2011-05-13

From the Chair, John Kloppenborg

2010-11 has been an exciting year! In July we welcomed Simon Coleman, the fifth Chancellor Jackman Chair to be appointed by the U of T. Coleman significantly enhances our strength in the anthropology of religion, in particular the anthropology of modern Christianity. We’ve also been joined by Tobie Strauss, who teaches Modern Hebrew, and we’re preparing to welcome Kyle Smith, whose principal appointment is to the Dept. of Historical Studies at UTM, but who holds his graduate appointment at the DSR. Smith is an expert in early late Roman and early Byzantine Eastern Christianity. Three faculty members have released their first books: Amira Mittermaier’s Dreams That Matter: Egyptian Landscapes of the Imagination, Laury Silvers’ A Soaring Minaret: Abu Bakr Al-Wasiti and the Rise of Baghdadi Sufism, and Karen Ruffle’s Gender, Sainthood, and Everyday Practice in South Asian Shi’ism. DSR faculty have been successful in winning research competitions and awards, too. Amira Mittermaier won a Wenner Gren grant and a SSHRC Standard Research Grant, and Frances Garrett was awarded a prestigious SSHRC Partnership Development grant, bringing to five the number of SSHRC grants held by core DSR faculty. In addition to an OCUFA teaching award, Shafique Virani won a large Early Researcher Award from the Gov’t of Ontario for a project entitled “Journey to the Roof of the World: The travels of Pir Sabzali in Central Asia.” Walid Saleh continues research sponsored by a Mellon New Directions Fellowship. Graduate students have also been busy and notably successful, with a robust contingent of students presenting papers at the annual American Academy of Religion meeting in Montreal and the Society of Biblical Literature meeting in Atlanta. See “Graduate Student News” for an impressive record!

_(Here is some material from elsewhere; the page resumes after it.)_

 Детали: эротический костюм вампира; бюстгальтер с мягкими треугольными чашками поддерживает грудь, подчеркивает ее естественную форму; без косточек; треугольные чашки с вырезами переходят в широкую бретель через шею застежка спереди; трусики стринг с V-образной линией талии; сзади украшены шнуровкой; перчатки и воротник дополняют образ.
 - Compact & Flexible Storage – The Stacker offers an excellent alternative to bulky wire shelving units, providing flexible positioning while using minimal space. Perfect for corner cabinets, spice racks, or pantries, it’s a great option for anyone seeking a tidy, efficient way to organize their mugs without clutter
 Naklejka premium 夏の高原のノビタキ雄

This year we’ve welcomed Dr. Mona Schrempf as a DAAD Visiting Professor. Dr. Schrempf, an expert in Tibetan religion and culture, taught two seminars on Buddhism and has interacted with faculty and graduate students working on Tibet. Two visiting scholars from Iran have spent productive time at the department too: Dr. Babak Farzaneh works on Qur’anic lexicography and Dr. Sayeh Meisami works on Islamic philosophy and leads an Islamic philosophy reading group (see pg 4). In a few weeks another visiting researcher will join us, Dr. Samah Ahmed, doing a project on religious pluralism and education in Islam in Canadian society.

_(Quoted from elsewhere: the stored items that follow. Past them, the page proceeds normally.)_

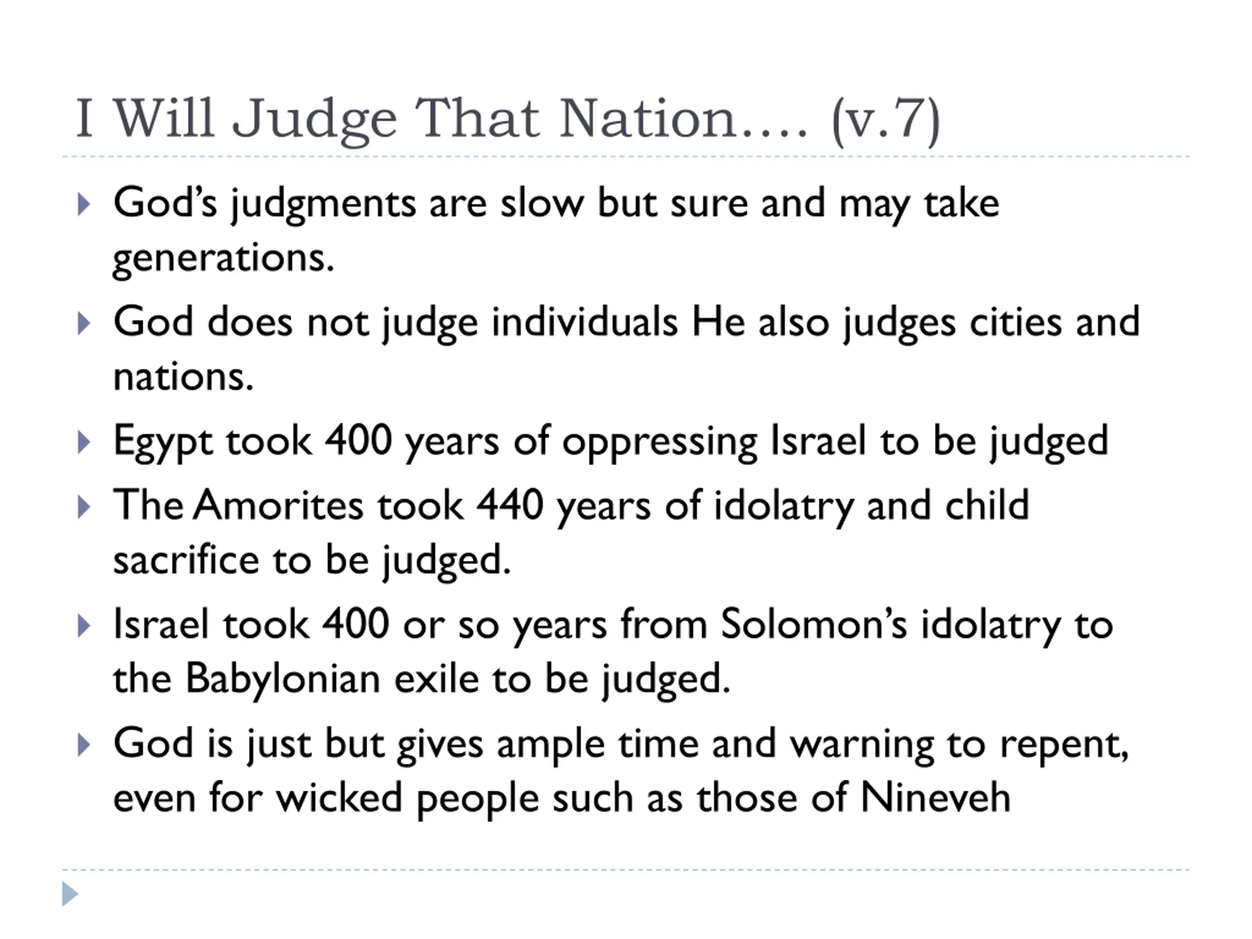 I Will Judge That Nation. (v.7) God s judgments are slow but sure and may take generations. God does not judge individuals He also judges cities and nations. Egypt took 400 years of oppressing Israel to be judged The Amorites took 440 years of idolatry and child sacrifice to be judged. Israel took 400 or so years from Solomon s idolatry to the Babylonian exile to be judged. God is just but gives ample time and warning to repent, even for wicked people such as those of Nineveh
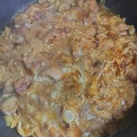 家族3人なので、鶏肉400グラムを使いました。調味料を2倍の分量にしたら、しょっぱくなってしまったので、玉ねぎ半分を薄切りしたものと水と料理酒を足しました。まだしょっぱかった気がしたので、とき卵を3個かけてみました。結果、普通の親子丼になってしまいました。これはコレで美味かったですが、調味料は2倍にして作らない方が良いかもしれません。
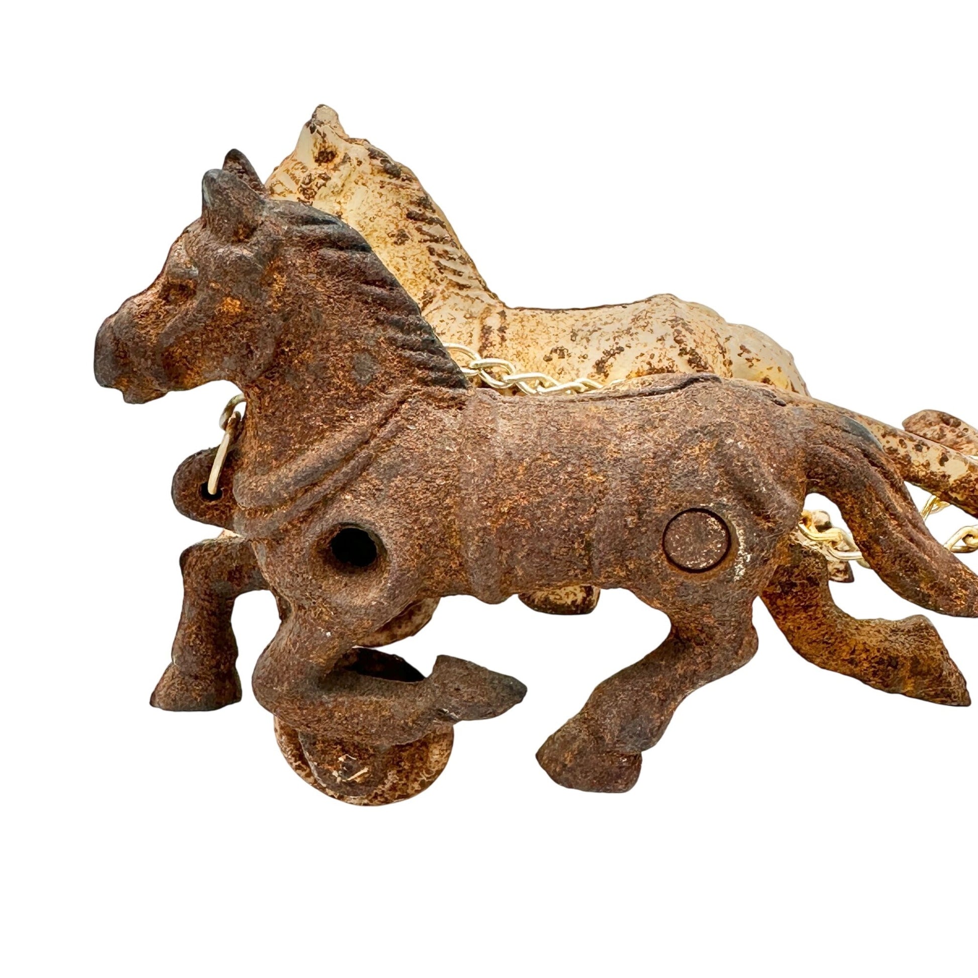 Step back in time with this vintage cast iron horse-drawn trolley model, echoing a bygone era of charming transport. Its rustic finish and detailed craftsmanship invite a sense of nostalgia, perfect for collectors or as a timeless decor piece.

For the second year, I am taking graduate students to Israel to participate in the excavations of et-Tel, probably the ancient city of Bethsaida-Julias (see the photograph above and the page 3 story, “Digging in Bethsaida”). This is funded through the generosity of the Canadian Friends of Hebrew University, and the students, in addition to excavating at Bethsaida, will visit the excavations of Sepphoris, conducted by Hebrew University Prof. Zeev Weiss, as well as other archaeological sites in Israel. Another grant, this time from the DAAD, allowed Prof. Pamela Klassen to take ten graduate students with her to Germany in February to visit research institutions focused on the study of religion and religious diversity. The host institutions include the Max Planck Institute für Bildungsforschung in Berlin, the Max Planck Institute for the Study of Religious and Ethnic Diversity in Göttingen, and the Institut für Religions-wissenschaft at the University of Heidelberg. Yet another DSR faculty member, Prof. Joseph Bryant, taught a summer course at the Humboldt University of Berlin.

As always, as Chair I express my deep appreciation to our administrative staff, Irene Kao, Marilyn Colaco, and Fereshteh Hashemi, and to my fellow department administrative colleagues, Drs. Frances Garrett and Jennifer Harris, whose support, creativity, energy, and scholarship make this a great place to be.